THE CONFEDERATE STATES
This is from the Daily Telegraph (Macon, Georgia), 18 February 1861, pg.
1, col. 4:
"THE CONFEDERATE STATES."
"The name is a good one, and means the same thing the old one did.
Confederate means United, and hence, though a different word is used, the
name is the same in meaning as that of the old government,"--_Griffin Union_.

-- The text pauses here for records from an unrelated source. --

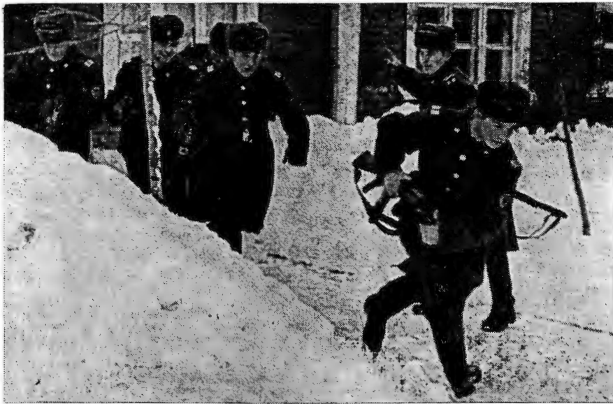
Нарушена линия охраны Быстры и решительны действия начальника войскового наряда в сложной ситуации.
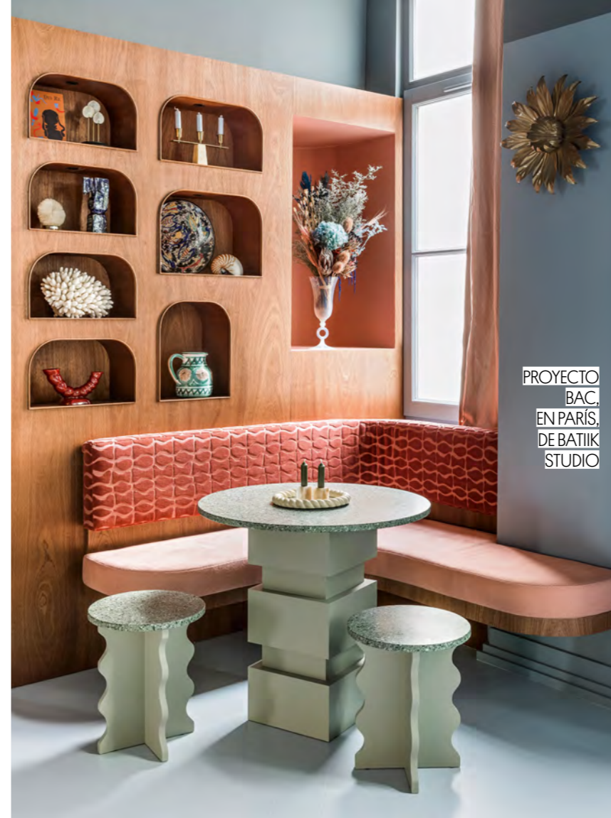
PROYECTO BAC, EN PARÍS, DE BATIOK STUDIO

"Es necesario que se diseñe como una zona de bienvenida: acogedora y abierta, pero con más espacio de almacenaje ". BATIOK STUDIO
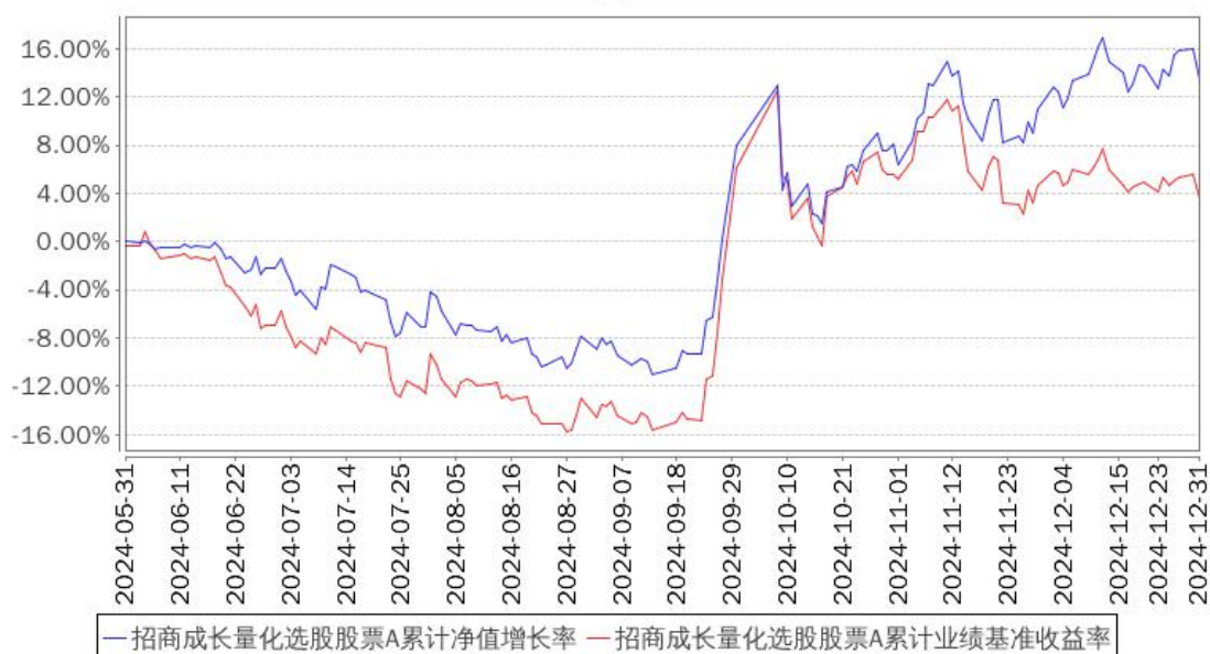
招商成长量化选股股票A累计净值增长率与同期业绩比较基准收益率的历史走势对比图

There is a very important difference in the meaning of the terms
_"united"_ and _"confederate,"_ which it is desirable should be pointed out
and understood. We believe, if the name of the late Republic had been
"Confederate States" and not "_United_ States," the intestine quarrels to
which she fell a victim would in great part have been avoided, and the
country remained at peace. It was the misfortune of the terms "Union" and
"_United_ States," that they conveyed to the Northern mind an idea,
sedulously encouraged by their politicians from first to last, that the
country was literally a _unit_, subordinate in every thing to a central
power, to which it was responsible and amenable for every act of a political
character. Hence, the Northern abolitionist became, in his own fancy,
responsible for the existence or the extension of slavery, and held, as a
corollary, that the Federal Government ought to prohibit both. This
pretension would have never been set up to any great extent, if a just idea
of the character of the government had been conveyed in its very name--if it
had been called for example "The Confederate States"--_i. e._ Sovereign
States (not _united_, merged into, cemented together, or compounded into one
government or sovereignty), but leagued together in a compact or alliance for
mutual support. There is about as much difference, then, between _"united"_
and _"confederate,"_ as there is between an egg nog and a fagot.